When consulting ancient and medieval Chinese texts, one will come across frequent references to the qin. Such references are particularly frequent in Classical Chinese poetry, such as the poetic verses of the ancient Shijing and certain poems of the Tang period.

===Ancient poetry===
In the Shijing 【詩經】 (Book of Songs), several poems mention the qin (with their numbers according to their order in the anthology):

- 「窈窕淑女， 琴瑟友之。」 "Fair and gentle is the maiden; Use qin and se to give her a friendly welcome..." [《關睢》 1]
- 「琴瑟在御， 莫不靜好。」 "The qin and se in your [the husband's] hands; Will emit their quiet pleasant tones..." [《女曰雞鳴》 82]
- 「我有嘉賓， 鼓瑟鼓琴。」 "I have fine guests; So I strum the se, strum the qin..." [《鹿鳴》 161]
- 「妻子好合， 如鼓琴瑟。
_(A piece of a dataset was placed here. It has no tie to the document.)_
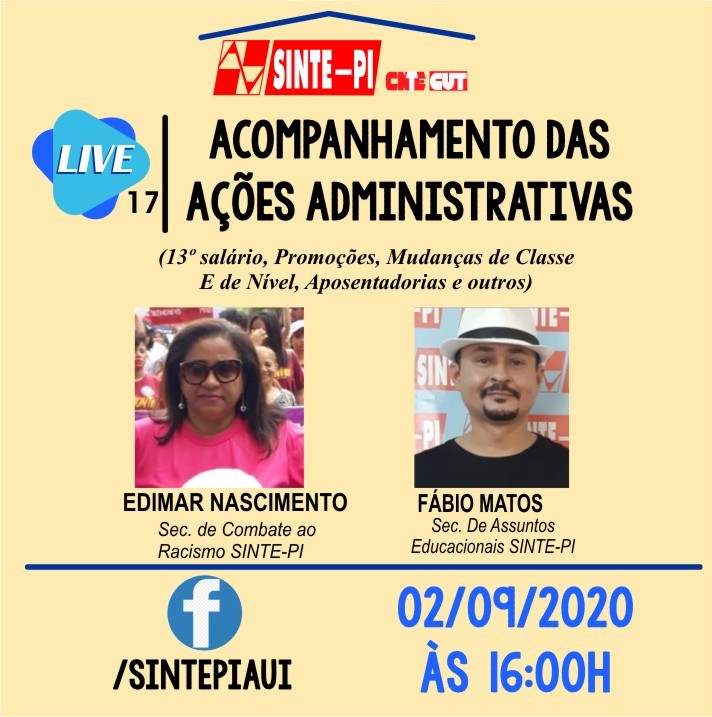 Na Live desta quarta-feira (02) o SINTE-PI trará uma atualização do acompanhamento das atividades administrativas que o sindicato vem realizando junto aos órgãos gestores do estado.

」 "The love between mother and child; Is like the strumming of qin and se..." [《常棣》 164]

===Tang poetry===
In Tang Poetry, we have many mentions, including:

- 「主人有酒歡今夕， 請奏鳴琴廣陵客， 月照城頭烏半飛， 霜淒萬木風入衣， 銅鑪華燭燭增輝， 初彈淥稅後楚妃， 一聲已動物皆靜， 四座無言星欲稀， 清淮奉使千餘里， 敢告雲山從此始。」 "Our host brings wine, for merry-making tonight; And bids the guest from Guangling, to play upon the zither; Moonlight bathes the city walls, crows fly mid-air; Frost petrifies ten thousand trees, wind pierces our robes. But the copper stove gleams bright, and candles add their shimmer; First he plays Lu Water, then The Princess of Chu. As the first note trembles, all else falls silent; From the whole company not a word, till the stars begin to pale. The thousand miles to Qinghuai, I was sent by the Emperor's mandate; On such a night I venture to speak of, retiring to the mountains and the clouds." [A Zither Song : Li Qi, 《琴歌》 : 李頎]
- 「泠泠七弦上， 靜聽松風寒， 古調雖自愛， 今人多不彈。」 "Emotionless the mood of your 'seven-strings'; In the quiet, I sense the cool of the 'Wind through the pines'; I am one who loves the ancient tunes; There are few now who can play them." [Playing the Zither : Liu Zhangqing, 《彈琴》 : 劉長卿]
- 「蜀僧抱緑綺， 西下峨嵋峯， 爲我一揮手， 如聽萬壑松， 客心洗流水， 餘響入霜鐘， 不覺碧山暮， 秋雲暗幾重。」 "A monk from Shu, clasping a Luqi zither; Descends the west face of Emei peak. He sweeps his hand over the strings for me; And I seem to hear pines sigh in a thousand ravines; And a running stream, that washes the ache from my heart. The faint notes blend with the icy bells. I had not noticed the dusk on the green mountains: How many folds are hidden in the autumn clouds?" [On Hearing Jun, a Monk from Shu, Play the Zither : Li Bai, 《聽蜀僧濬彈琴》 : 李白]
- 「晚年惟好靜， 萬事不關心， 自顧無長策， 空知返舊林， 松風吹解帶， 山月照彈琴， 君問窮通理， 漁歌入浦深。」 "In my later years, I care only for quiet; The ten thousand affairs, no longer concern me. Communing with myself, I find no plan: I only know, I must return to the old woods. A pine wind, will loosen the girdle of my gown; A mountain moon, glitter on my zither. You question me about, success and failure? Listen — a fisherman's song drifting up the estuary!" [A Reply to Assistant Prefect Zhang : Wang Wei, 《酬張少府》 : 王維]
- 「獨坐幽篁裡， 彈琴復長嘯， 深林人不知， 明月來相照。」 "Sitting alone, in the hush of the bamboo; I thrum my zither, and whistle lingering notes. In the secrecy of the wood, no one can hear; Only the clear moon, comes to shine on me." [Hut Among the Bamboos : Wang Wei, 《竹里館》 : 王維]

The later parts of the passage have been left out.